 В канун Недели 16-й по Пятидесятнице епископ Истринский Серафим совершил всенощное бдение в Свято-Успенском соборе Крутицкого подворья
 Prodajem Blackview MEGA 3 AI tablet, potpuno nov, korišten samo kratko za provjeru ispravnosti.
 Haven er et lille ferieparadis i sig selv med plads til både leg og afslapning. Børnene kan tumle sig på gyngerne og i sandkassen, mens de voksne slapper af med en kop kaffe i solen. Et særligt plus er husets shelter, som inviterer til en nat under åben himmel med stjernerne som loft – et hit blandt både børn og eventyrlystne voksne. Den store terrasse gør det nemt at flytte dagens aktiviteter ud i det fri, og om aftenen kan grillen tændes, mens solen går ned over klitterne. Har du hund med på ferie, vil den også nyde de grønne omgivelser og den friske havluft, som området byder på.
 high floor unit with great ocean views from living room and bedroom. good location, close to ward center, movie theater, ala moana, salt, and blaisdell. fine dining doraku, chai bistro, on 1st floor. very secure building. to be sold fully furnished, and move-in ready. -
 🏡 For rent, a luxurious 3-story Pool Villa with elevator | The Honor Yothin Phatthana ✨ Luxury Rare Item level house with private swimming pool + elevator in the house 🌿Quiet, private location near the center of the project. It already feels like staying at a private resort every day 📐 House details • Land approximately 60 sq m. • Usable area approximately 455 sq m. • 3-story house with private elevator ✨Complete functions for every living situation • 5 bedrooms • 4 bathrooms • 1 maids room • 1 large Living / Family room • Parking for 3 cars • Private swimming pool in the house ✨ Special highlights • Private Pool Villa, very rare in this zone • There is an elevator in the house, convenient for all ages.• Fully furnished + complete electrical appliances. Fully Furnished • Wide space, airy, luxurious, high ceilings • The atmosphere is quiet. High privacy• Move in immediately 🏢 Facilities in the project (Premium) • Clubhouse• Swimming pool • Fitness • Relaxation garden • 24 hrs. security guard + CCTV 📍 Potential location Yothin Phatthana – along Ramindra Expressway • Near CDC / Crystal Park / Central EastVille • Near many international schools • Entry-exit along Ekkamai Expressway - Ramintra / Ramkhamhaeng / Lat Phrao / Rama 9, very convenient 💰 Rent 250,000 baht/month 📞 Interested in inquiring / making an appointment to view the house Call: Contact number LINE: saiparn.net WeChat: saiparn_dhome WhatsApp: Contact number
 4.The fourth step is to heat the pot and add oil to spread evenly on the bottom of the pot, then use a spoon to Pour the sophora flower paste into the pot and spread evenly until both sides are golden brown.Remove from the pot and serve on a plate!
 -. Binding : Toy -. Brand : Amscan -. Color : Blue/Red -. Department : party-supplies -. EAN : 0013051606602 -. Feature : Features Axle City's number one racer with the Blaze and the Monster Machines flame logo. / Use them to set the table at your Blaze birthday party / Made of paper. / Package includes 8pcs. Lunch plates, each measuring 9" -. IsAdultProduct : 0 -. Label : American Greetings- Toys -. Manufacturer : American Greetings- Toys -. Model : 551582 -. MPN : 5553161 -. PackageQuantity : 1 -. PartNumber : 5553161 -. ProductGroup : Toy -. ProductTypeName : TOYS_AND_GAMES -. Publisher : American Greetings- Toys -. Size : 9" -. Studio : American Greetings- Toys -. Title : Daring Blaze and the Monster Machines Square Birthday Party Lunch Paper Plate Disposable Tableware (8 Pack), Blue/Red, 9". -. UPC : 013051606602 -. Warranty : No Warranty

···

Directions :: Go through the material above and copy each line that holds the string "center".

Response area ::
 high floor unit with great ocean views from living room and bedroom. good location, close to ward center, movie theater, ala moana, salt, and blaisdell. fine dining doraku, chai bistro, on 1st floor. very secure building. to be sold fully furnished, and move-in ready. -
 🏡 For rent, a luxurious 3-story Pool Villa with elevator | The Honor Yothin Phatthana ✨ Luxury Rare Item level house with private swimming pool + elevator in the house 🌿Quiet, private location near the center of the project. It already feels like staying at a private resort every day 📐 House details • Land approximately 60 sq m. • Usable area approximately 455 sq m. • 3-story house with private elevator ✨Complete functions for every living situation • 5 bedrooms • 4 bathrooms • 1 maids room • 1 large Living / Family room • Parking for 3 cars • Private swimming pool in the house ✨ Special highlights • Private Pool Villa, very rare in this zone • There is an elevator in the house, convenient for all ages.• Fully furnished + complete electrical appliances. Fully Furnished • Wide space, airy, luxurious, high ceilings • The atmosphere is quiet. High privacy• Move in immediately 🏢 Facilities in the project (Premium) • Clubhouse• Swimming pool • Fitness • Relaxation garden • 24 hrs. security guard + CCTV 📍 Potential location Yothin Phatthana – along Ramindra Expressway • Near CDC / Crystal Park / Central EastVille • Near many international schools • Entry-exit along Ekkamai Expressway - Ramintra / Ramkhamhaeng / Lat Phrao / Rama 9, very convenient 💰 Rent 250,000 baht/month 📞 Interested in inquiring / making an appointment to view the house Call: Contact number LINE: saiparn.net WeChat: saiparn_dhome WhatsApp: Contact number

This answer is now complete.